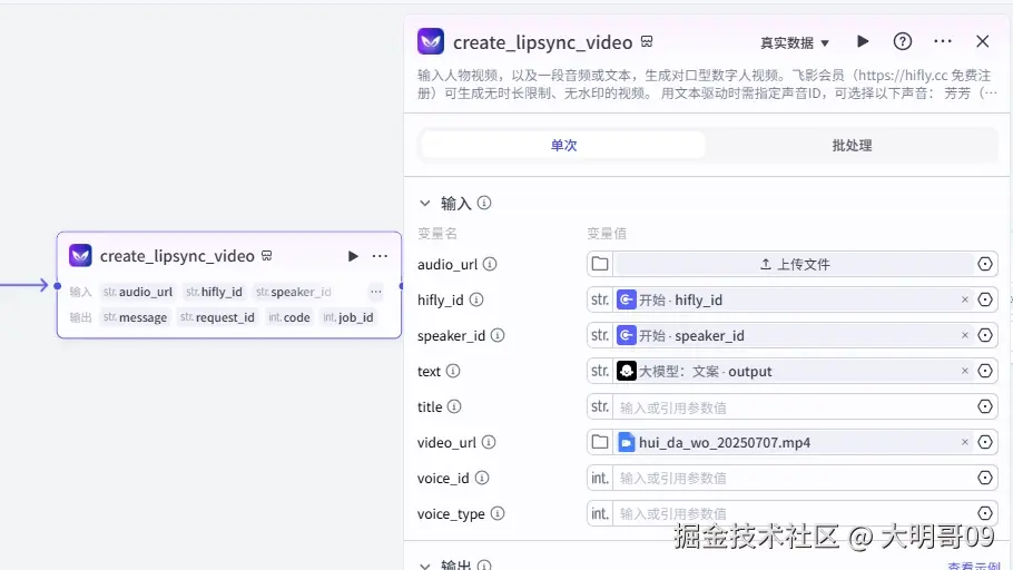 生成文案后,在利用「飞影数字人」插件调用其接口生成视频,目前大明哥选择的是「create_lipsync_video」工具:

==

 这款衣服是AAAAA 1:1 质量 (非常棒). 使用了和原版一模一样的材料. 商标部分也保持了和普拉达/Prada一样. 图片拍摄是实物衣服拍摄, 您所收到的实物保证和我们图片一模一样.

---

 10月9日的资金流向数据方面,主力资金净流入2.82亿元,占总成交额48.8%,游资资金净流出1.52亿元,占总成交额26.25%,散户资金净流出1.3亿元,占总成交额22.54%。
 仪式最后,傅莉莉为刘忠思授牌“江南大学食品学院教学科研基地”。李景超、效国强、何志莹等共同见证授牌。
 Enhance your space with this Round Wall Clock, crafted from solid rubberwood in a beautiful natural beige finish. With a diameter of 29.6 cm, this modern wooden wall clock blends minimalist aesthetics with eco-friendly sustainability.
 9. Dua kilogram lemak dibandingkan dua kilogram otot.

** What to produce **
Going back over the entries above, copy word for word every line from the one that has "Enhance your space" on through the one that has "9. Dua kilogram".

** Result of this task **
 Enhance your space with this Round Wall Clock, crafted from solid rubberwood in a beautiful natural beige finish. With a diameter of 29.6 cm, this modern wooden wall clock blends minimalist aesthetics with eco-friendly sustainability.
 9. Dua kilogram lemak dibandingkan dua kilogram otot.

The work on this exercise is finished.